WORK INSTRUCTION: This exercise calls for the records to be returned exactly, with images removed.

WORKING DATA:
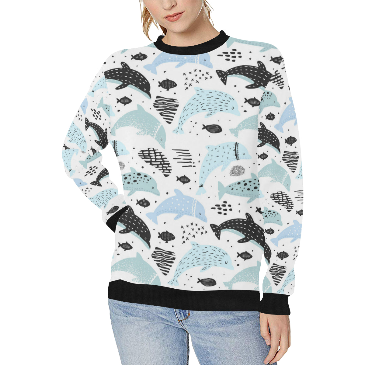 Cute dolphins Childish Style pattern Women's Crew Neck Sweatshirt is a uniqued design and limited item. It made to order, hand printed, and sewn with love in our factory.
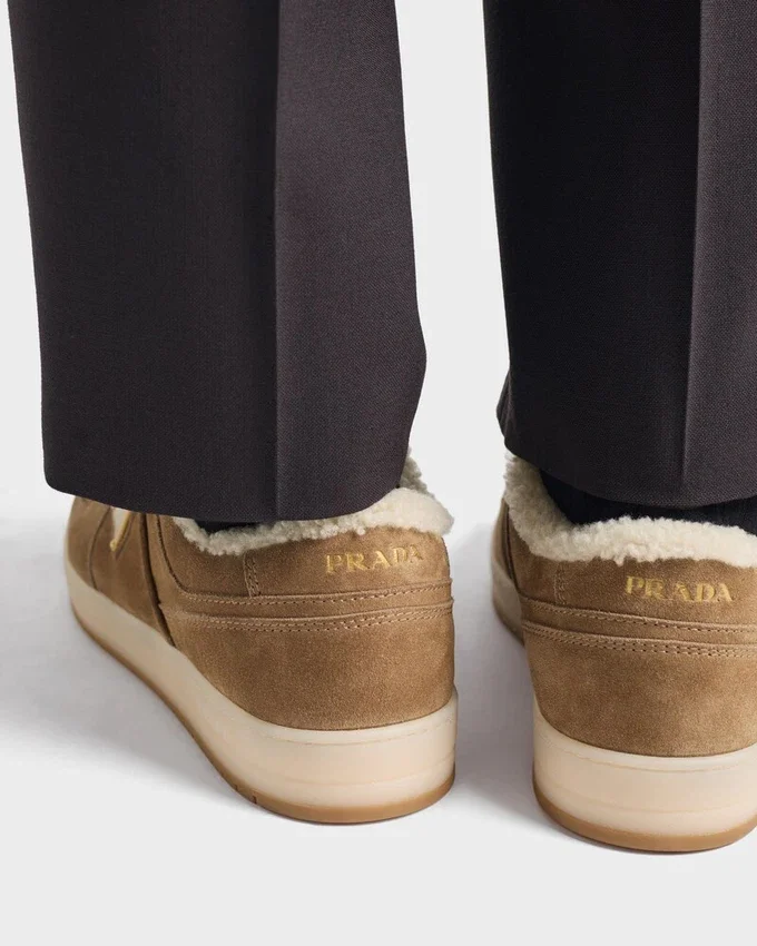 バスケットボールシューズからインスピレーションを得たDowntownスニーカーは、スポーティなデザインと、個性的で洗練されたディテールが際立っています。さまざまなバージョンのPRADAロゴをあしらったこの象徴的なスタイルは、スエード製で、柔らかなシープスキンの裏地が特徴です。
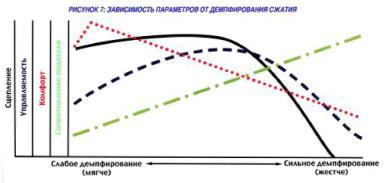 Конструкторы подвесок и тюнингеры добиваются, чтобы пики графиков были как можно ближе друг к другу. Им приходится применять изощренные формы каналов и по разному демпфировать подвески при разных скоростях их работы, чтобы упростить настройку. При поиске компромисса приходится учитывать огромное множество факторов, поэтому единственно правильный способ настройки – изменять за один раз один параметр на одну ступень.
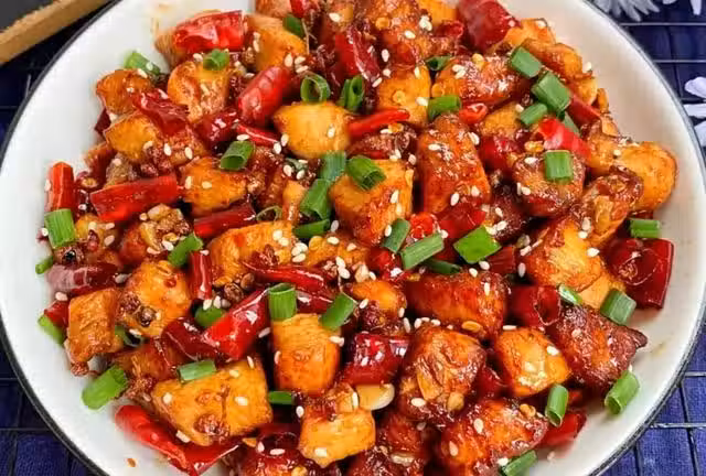 (4)鍋底留油放入蒜末、花椒、干辣椒煸炒出香味,倒入雞肉丁大火翻炒片刻。
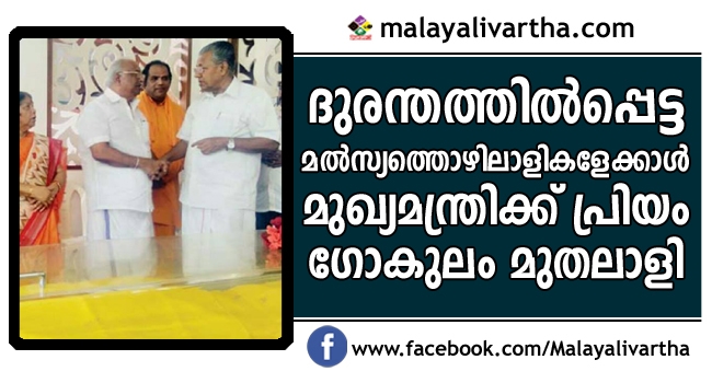 ഓഖി ദുരിതത്തില്പെട്ട മല്സ്യത്തൊഴിലാളികളെയും കുടുംബങ്ങളെയും സന്ദര്ശിക്കാന് ആദ്യം മടികാണിച്ച മുഖ്യമന്ത്രി പിണറായി വിജയന് ശതകോടീശ്വരനായ ഗോകുലം ഗോപാലന്റെ അച്ഛന് ഗോകുലം ചാത്തു മരിച്ചപ്പോള് ഓടിയെത്തി. സെക്രട്ടറിയേറ്റില് നിന്ന് 15 കിലോമീറ്റര് ദൂരെയുള്ള ഗോകുലം മെഡിക്കല് കോളജിലായിരുന്നു മരിച്ച ചാത്തുവിന്റെ മൃതദ്ദേഹം സൂക്ഷിച്ചിരുന്നത്. ഭാര്യ കമലയേയും കൂട്ടിയാണ് മുഖ്യമന്ത്രി മുതലാളിയെ ആശ്വസിപ്പിക്കാന് ചെന്നത്. സോഷ്യല് മീഡിയയിലടക്കം ഇതിനെതിരെ വ്യാപകപ്രതിഷേധമാണ് ഉയരുന്നത്.
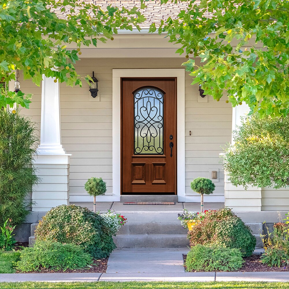 The Greatview Doors Mahogany Prehung Front Door is an iconic piece that transforms any entryway into a statement of understated elegance. Its rich mahogany tones complement the intricate 3/4 lite iron grill, inviting both grandeur and privacy to your threshold. Ideal for pairing with wrought iron accents or lush greenery for a touch of sophistication, this door exemplifies the pinnacle of luxurious living. Embrace the blend of classic design and modern function to redefine your home's facade.
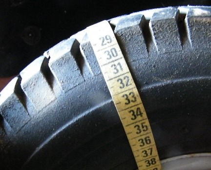 - Kolejną czynnością jest wykonanie pomiaru na krótsze elementy, mające bezpośredni kontakt z podłożem (8 sztuk na koło). Tutaj przydaje się miarka krawiecka, którą mierzę oponę (punkty pomiaru jak wyżej, tj. ok. 3 cm od rantu felgi) wychodzi 37 cm.
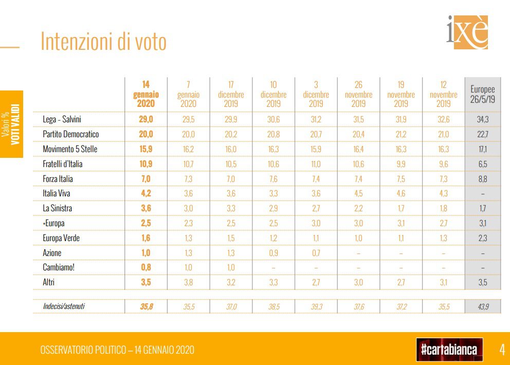 LE INTENZIONI DI VOTO – La Lega si conferma primo partito italiano ma fa registrare un ulteriore calo. La formazione di Matteo Salvini si ferma al 29% e conferma il trend negativo perdendo lo 0,5% rispetto all’ultima rilevazione. Il partito verde, infatti, fa registrare da due mesi a questa parte sempre il segno negativo rispetto alla rilevazione della settimana precedente. Al secondo posto è stabile il Partito Democratico al 20%. Il Movimento 5 Stelle, invece, perde lo 0,3% rispetto alla scorsa rilevazione dello stesso istituto e si ferma al 15,9%. Fratelli d’Italia, ormai stabilmente in doppia cifra, è accreditato del 10,9%, mentre Forza Italia è data al 7%. Balzo in avanti, questa settimana, per Italia Viva. Il partito lanciato dall’ex premier Matteo Renzi è preferito dal 4,2% degli intervistati, facendo registrare ben lo 0,6% in più rispetto alla scorsa rilevazione.

PROBLEM SOLUTION:
 Cute dolphins Childish Style pattern Women's Crew Neck Sweatshirt is a uniqued design and limited item. It made to order, hand printed, and sewn with love in our factory.
 バスケットボールシューズからインスピレーションを得たDowntownスニーカーは、スポーティなデザインと、個性的で洗練されたディテールが際立っています。さまざまなバージョンのPRADAロゴをあしらったこの象徴的なスタイルは、スエード製で、柔らかなシープスキンの裏地が特徴です。
 Конструкторы подвесок и тюнингеры добиваются, чтобы пики графиков были как можно ближе друг к другу. Им приходится применять изощренные формы каналов и по разному демпфировать подвески при разных скоростях их работы, чтобы упростить настройку. При поиске компромисса приходится учитывать огромное множество факторов, поэтому единственно правильный способ настройки – изменять за один раз один параметр на одну ступень.
 (4)鍋底留油放入蒜末、花椒、干辣椒煸炒出香味,倒入雞肉丁大火翻炒片刻。
 ഓഖി ദുരിതത്തില്പെട്ട മല്സ്യത്തൊഴിലാളികളെയും കുടുംബങ്ങളെയും സന്ദര്ശിക്കാന് ആദ്യം മടികാണിച്ച മുഖ്യമന്ത്രി പിണറായി വിജയന് ശതകോടീശ്വരനായ ഗോകുലം ഗോപാലന്റെ അച്ഛന് ഗോകുലം ചാത്തു മരിച്ചപ്പോള് ഓടിയെത്തി. സെക്രട്ടറിയേറ്റില് നിന്ന് 15 കിലോമീറ്റര് ദൂരെയുള്ള ഗോകുലം മെഡിക്കല് കോളജിലായിരുന്നു മരിച്ച ചാത്തുവിന്റെ മൃതദ്ദേഹം സൂക്ഷിച്ചിരുന്നത്. ഭാര്യ കമലയേയും കൂട്ടിയാണ് മുഖ്യമന്ത്രി മുതലാളിയെ ആശ്വസിപ്പിക്കാന് ചെന്നത്. സോഷ്യല് മീഡിയയിലടക്കം ഇതിനെതിരെ വ്യാപകപ്രതിഷേധമാണ് ഉയരുന്നത്.
 The Greatview Doors Mahogany Prehung Front Door is an iconic piece that transforms any entryway into a statement of understated elegance. Its rich mahogany tones complement the intricate 3/4 lite iron grill, inviting both grandeur and privacy to your threshold. Ideal for pairing with wrought iron accents or lush greenery for a touch of sophistication, this door exemplifies the pinnacle of luxurious living. Embrace the blend of classic design and modern function to redefine your home's facade.
 - Kolejną czynnością jest wykonanie pomiaru na krótsze elementy, mające bezpośredni kontakt z podłożem (8 sztuk na koło). Tutaj przydaje się miarka krawiecka, którą mierzę oponę (punkty pomiaru jak wyżej, tj. ok. 3 cm od rantu felgi) wychodzi 37 cm.
 LE INTENZIONI DI VOTO – La Lega si conferma primo partito italiano ma fa registrare un ulteriore calo. La formazione di Matteo Salvini si ferma al 29% e conferma il trend negativo perdendo lo 0,5% rispetto all’ultima rilevazione. Il partito verde, infatti, fa registrare da due mesi a questa parte sempre il segno negativo rispetto alla rilevazione della settimana precedente. Al secondo posto è stabile il Partito Democratico al 20%. Il Movimento 5 Stelle, invece, perde lo 0,3% rispetto alla scorsa rilevazione dello stesso istituto e si ferma al 15,9%. Fratelli d’Italia, ormai stabilmente in doppia cifra, è accreditato del 10,9%, mentre Forza Italia è data al 7%. Balzo in avanti, questa settimana, per Italia Viva. Il partito lanciato dall’ex premier Matteo Renzi è preferito dal 4,2% degli intervistati, facendo registrare ben lo 0,6% in più rispetto alla scorsa rilevazione.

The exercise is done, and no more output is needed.